沖縄振興開発金融公庫は17日、2016年度に融資した教育資金の利用者に関する調査報告書を公表した。教育資金の融資を受けている世帯年収200万円未満の平均教育費用が145・5万円で平均世帯年収を上回り、年収に占める教育費負担の割合が106%となった。年間の教育費を家計だけで捻出することが困難な状況が示された。特に離島居住者は家賃などの住居費がかさみ、負担の割合が高くなる傾向もみられた。

 2年に1度まとめているもので、沖縄公庫が教育資金を直接貸し付けた2372件(うち離島居住者526件)を対象に調べた。

 利用者全体の平均世帯年収は400・9万円で、54・5%が世帯年収400万円未満。離島居住者の平均世帯年収は381・8万円で、52・7%が世帯年収400万円未満だった。

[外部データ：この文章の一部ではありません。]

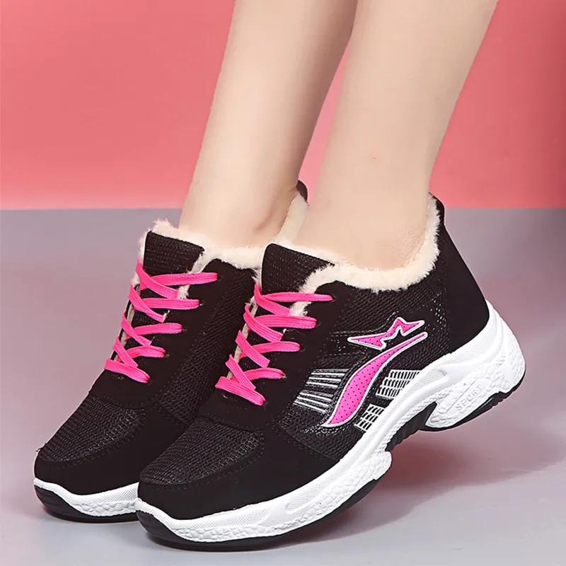 Zima Plus Aksamit Zagęszczone Ciepłe Damskie Buty Antypoślizgowe na Grubej Podeszwie na Płaskim Obcasie Sportowe Wysokie Casualowe Damskie Bawełniane Buty

 入学金や交通費、住居費を含む初年度の入学費用は全県平均で152万円だった。離島居住者は住居費がかさみ、約30万円多い182・8万円だった。

 世帯年収に占める教育費の負担割合を年収別に見ると「200万円未満」は106%(離島居住者は115・9%)となった。「200万円以上400万円未満」でも51%(離島居住者は60・9%)と家計の厳しさが浮き彫りとなった。

 一方、世帯年収別に進学先を見ると、年収が高いほど県外への進学率が高くなる傾向も見られ、沖縄公庫は「年収が進路選択に影響を与えていることもうかがえる」とした。

 沖縄公庫の教育資金は借り入れ世帯の年収に上限を設ける一方で下限はないため、より厳しい世帯の利用が多いという。県内の進学率が上昇傾向にあることや、制度の拡充が進んでいることなどを背景に、同年度の利用件数、融資額はともに過去最高を更新した。